Here’s something that often comes up in discussions with email senders. You really really need to remove the email addresses of people who want to opt-out – that is, to unsubscribe – from your mailings lists as soon as humanly possible. Even though CAN-SPAM gives you ten days to do it.
Unfortunately, many email senders seem to view email addresses as nothing more than a commodity. They forget that the email address is linked to a real live person – and that real live person has just asked you to stop sending them email.

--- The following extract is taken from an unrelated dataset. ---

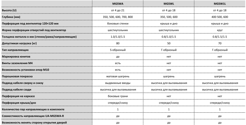 Отличия 19" настенных серверных шкафов MGSWA, MGSWL, MGSW1L

“But CAN-SPAM gives us 10 days,” those email senders counter. “Why should we lose that precious commodity – that email address – right away when we can instead attempt to wring every last drop of email sending goodness out of it for another 9 days?”
Indeed. Why should you?
Well, to start with, that person has already told you that they do not want your email.
So, are they actually going to buy something from you, or take whatever action you are hoping that they will take, given that they have already told you to stop communicating with them?

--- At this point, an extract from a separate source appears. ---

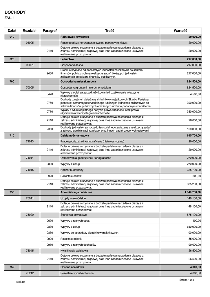 DOCHODY ZAŁ.-1 Dział 010 Rozdział Paragraf 01005 Prace geodezyjno-urządzeniowe na potrzeby rolnictwa 2110 020 02001 70005 0470 0770 2110 2360 71013 71014 71015 0830 0920 2110 750 75020 0690 0830 0870 0920 75045 0970 2110 752 75212 BeSTia 20 000,00 217 000,00 Gospodarka gruntami i nieruchomościami Wpływy z opłat za zarząd, użytkowanie i użytkowanie wieczyste nieruchomości Dochody z najmu i dzierżawy składników majątkowych Skarbu Państwa, jednostek samorządu terytorialnego lub innych jednostek zaliczanych do sektora finansów publicznych oraz innych umów o podobnym charakterze Wpłaty z tytułu odpłatnego nabycia prawa własności oraz prawa użytkowania wieczystego nieruchomości Dotacje celowe otrzymane z budżetu państwa na zadania bieżące z zakresu administracji rządowej oraz inne zadania zlecone ustawami realizowane przez powiat Dochody jednostek samorządu terytorialnego związane z realizacją zadań z zakresu administracji rządowej oraz innych zadań zleconych ustawami Działalność usługowa Dotacje celowe otrzymane z budżetu państwa na zadania bieżące z zakresu administracji rządowej oraz inne zadania zlecone ustawami realizowane przez powiat 217 000,00 824 500,00 824 500,00 4 500,00 300 000,00 350 000,00 20 000,00 150 000,00 615 700,00 20 000,00 20 000,00 Opracowania geodezyjne i kartograficzne 270 000,00 Nadzór budowlany 325 700,00 Dotacje celowe otrzymane z budżetu państwa na zadania bieżące z zakresu administracji rządowej oraz inne zadania zlecone ustawami realizowane przez powiat 325 200,00 Wpływy z usług Pozostałe odsetki Urzędy wojewódzkie 2110 20 000,00 Środki otrzymane od pozostałych jednostek zaliczanych do sektora finansów publicznych na realizacje zadań bieżących jednostek zaliczanych do sektora finansów publicznych Administracja publiczna 75011 20 000,00 217 000,00 Prace geodezyjne i kartograficzne (nieinwestycyjne) 2110 Wartość Leśnictwo Gospodarka mieszkaniowa 0750 710 Dotacje celowe otrzymane z budżetu państwa na zadania bieżące z zakresu administracji rządowej oraz inne zadania zlecone ustawami realizowane przez powiat Gospodarka leśna 2460 700 Rolnictwo i łowiectwo Treść Dotacje celowe otrzymane z budżetu państwa na zadania bieżące z zakresu administracji rządowej oraz inne zadania zlecone ustawami realizowane przez powiat 270 000,00 500,00 1 049 700,00 148 100,00 148 100,00 Starostwa powiatowe 875 100,00 Wpływy z usług 650 000,00 Wpływy z różnych opłat Wpływy ze sprzedaży składników majątkowych Pozostałe odsetki Wpływy z różnych dochodów Kwalifikacja wojskowa Dotacje celowe otrzymane z budżetu państwa na zadania bieżące z zakresu administracji rządowej oraz inne zadania zlecone ustawami realizowane przez powiat Obrona narodowa Pozostałe wydatki obronne 100,00 100 000,00 35 000,00 90 000,00 26 500,00 26 500,00 4 000,00 4 000,00 Strona 1 z 4 2110 754 75411 Bezpieczeństwo publiczne i ochrona przeciwpożarowa 0920 2110 2360 756 75618 0420 0490 0570 75622 0590 0010 0020 758 75801 75803 75832 801 2920 2920 2920 80102 0970 2440 2701 80120 0690 0750 0970 2330 2701 80130 BeSTia Komendy powiatowe Państwowej Straży Pożarnej Pozostałe odsetki Dotacje celowe otrzymane z budżetu państwa na zadania bieżące z zakresu administracji rządowej oraz inne zadania zlecone ustawami realizowane przez powiat Dochody jednostek samorządu terytorialnego związane z realizacją zadań z zakresu administracji rządowej oraz innych zadań zleconych ustawami Dochody od osób prawnych, od osób fizycznych i od innych jednostek nieposiadających osobowości prawnej oraz wydatki związane z ich poborem Wpływy z innych opłat stanowiących dochody jednostek samorządu terytorialnego na podstawie ustaw Wpływy z opłaty komunikacyjnej Wpływy z innych lokalnych opłat pobieranych przez jednostki samorządu terytorialnego na podstawie odrębnych ustaw Grzywny, mandaty i inne kary pieniężne od osób fizycznych Wpływy z opłat za koncesje i licencje Udziały powiatów w podatkach stanowiących dochód budżetu państwa Podatek dochodowy od osób fizycznych Podatek dochodowy od osób prawnych 0690 4 000,00 2 776 000,00 2 776 000,00 1 500,00 2 773 000,00 1 500,00 5 909 094,00 1 084 000,00 950 000,00 74 000,00 40 000,00 20 000,00 4 825 094,00 4 695 094,00 130 000,00 Różne rozliczenia 21 597 680,00 Subwencje ogólne z budżetu państwa 15 738 507,00 Część oświatowa subwencji ogólnej dla jednostek samorządu terytorialnego Część wyrównawcza subwencji ogólnej dla powiatów Subwencje ogólne z budżetu państwa Część równoważąca subwencji ogólnej dla powiatów Subwencje ogólne z budżetu państwa Oświata i wychowanie Szkoły podstawowe specjalne 0750 80110 Dotacje celowe otrzymane z budżetu państwa na zadania bieżące z zakresu administracji rządowej oraz inne zadania zlecone ustawami realizowane przez powiat Dochody z najmu i dzierżawy składników majątkowych Skarbu Państwa, jednostek samorządu terytorialnego lub innych jednostek zaliczanych do sektora finansów publicznych oraz innych umów o podobnym charakterze Wpływy z różnych dochodów Dotacje otrzymane z państwowych funduszy celowych na realizację zadań bieżących jednostek sektora finansów publicznych Gimnazja Środki na dofinansowanie własnych zadań bieżących gmin (związków gmin), powiatów (związków powiatów), samorządów województw, pozyskane z innych źródeł Licea ogólnokształcące Wpływy z różnych opłat Dochody z najmu i dzierżawy składników majątkowych Skarbu Państwa, jednostek samorządu terytorialnego lub innych jednostek zaliczanych do sektora finansów publicznych oraz innych umów o podobnym charakterze Wpływy z różnych dochodów Dotacje celowe otrzymane od samorządu województwa na zadania bieżące realizowane na podstawie porozumień (umów) między jednostkami samorządu terytorialnego Środki na dofinansowanie własnych zadań bieżących gmin (związków gmin), powiat

As we in the biz say, “not bloody likely.”
Instead, will they be really annoyed because they have asked to be removed from your mailing list, but you are still sending them email? (Very likely.)
Will they care that CAN-SPAM allows you a leisurely ten days to actually remove their email address from your mailing list? (NBL.)
Will they report you as a spammer because you are still sending email to them after they asked you to stop? (Most likely.)
And will this affect your email deliverability?
You betcha.
So, when someone asks to be removed from your mailing list, are you going to do the smart thing, and remove them as soon as possible? Or, are you going to wait, on principle, as many as 10 days because, by golly, CAN-SPAM allows it?
Think of that 10 day limit (and that’s what it is, a limit – not a reprieve) as “must not go past”, not “may continue until.”